The current data model of the core ontology is fairly well explored and relatively stable. It is designed to be applicable to various disciplines and has been validated against a diverse set of scenarios already. However, the concrete taxonomies and teir logical relations are work in progress and likely to change frequently in the forseeable future.
While the core ontology focuses on a mostly generic approach of describing learning material, the skill ontology uses concrete terms for generally accepted solutions to a specific problem domain.
It is relatively easy to find consent about a mutual exclusive and collectively exhausitve terminology for the core ontology when compared to defining actual skills. Skills typically refer to observable and practically useful applications of knowledge and abilities.

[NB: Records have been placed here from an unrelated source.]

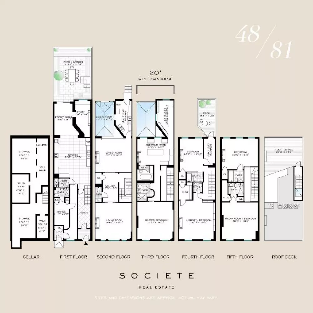 Five stories and 7,400 square feet, plus a full basement and roof-deck. Offers exclusivity and independence—free from condo board constraints. Personalize your space without bureaucratic hurdles. Five bedrooms—can be six, including a primary suite with a soft cream colored embossed alligator leather walls, as well as leather floors, two bathrooms and two closets. The closets replicate department store display quality and space. Seven full bathrooms, plus two half-baths. Two living rooms, two offices, and two kitchens, including a European gourmet chef’s kitchen and a butler’s kitchen on the entertaining level for convenience. The conservatory style solarium boasts leather and custom wood walls. The townhouse is turnkey — an option to buy fully furnished with brand-new designer pieces from B&B Italia.
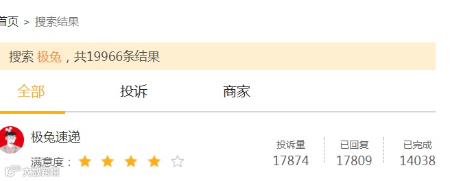 而在黑猫投诉平台上,正式进入国内市场三年不到的极兔,投诉已经近2万条。
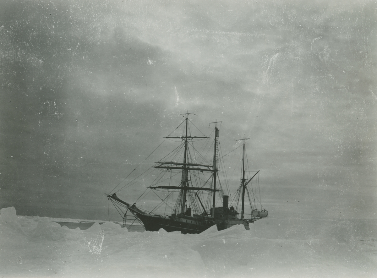Fotografi från expedition till Grönland. Motiv av stort fartyg som är omgivet av ett kargt snölandskap. Troligen är fartyget på bilden Antarctic vilken vid tiden ägdes av dansken Georg Carl Amdrup. Antarctic såldes år 1900 till Otto Nordenskjöld.

Being inherently more likely to be influenced by purpose, culture and language, it is way harder to agree on distinct
skills that collectively describe areas of learning. Ath the same time, developing concrete skills is a fundamentally
important part of learning.
EduGraph's solution is for this issue is to define skills as separate entities and in the terms from the core ontology. This allows for different flavors of skill ontologies, but at the same time makes it easy to map skills between the different flavors.
Defining skills in the terms of the core ontology further allows for an automated approach of identifying and naming skills with the help of generative AI, making it substantially more likely that such solutions successfully converge to a mutually exclusive and collectively exhaustive set of skills.
Defining skills in the terms of the core ontology also allows for skills to inherit all factual relations from the core ontology. As a consequence, the skill ontology only needs to define factual relations that specifically apply to that skill. This drastically reduces the need for relations in the skill ontology and keeps it significantly easier to manage.
The exact data model for defining skills is currently still experimental and likely to change in the near future. It is planned to provide generated skill ontologies as a reference in future releases.
Important: We are happy to develop this project as a community and want to make sure that every potential contributor fully understands how to contribute in a meaningful way. Before contributing, please create a Github issue to start the discussion.
The ontology is defined in the web ontology language (OWL). To ensure easy adoption with any tools, databases and libraries that support OWL and RDF, we provide various file formats in the releases.
When editing the ontology, only edit the source files (.ttl) in the repository. All other file formats will be automatically generated upon release. It is recommended to use Protege for editing and to use one of the shipped reasoners for validation purposes.
Pull requests can be submitted via the usual Github workflow using reasonably small iterative changesets. Pull requests will only be merged when changes were previously approved on a ticket.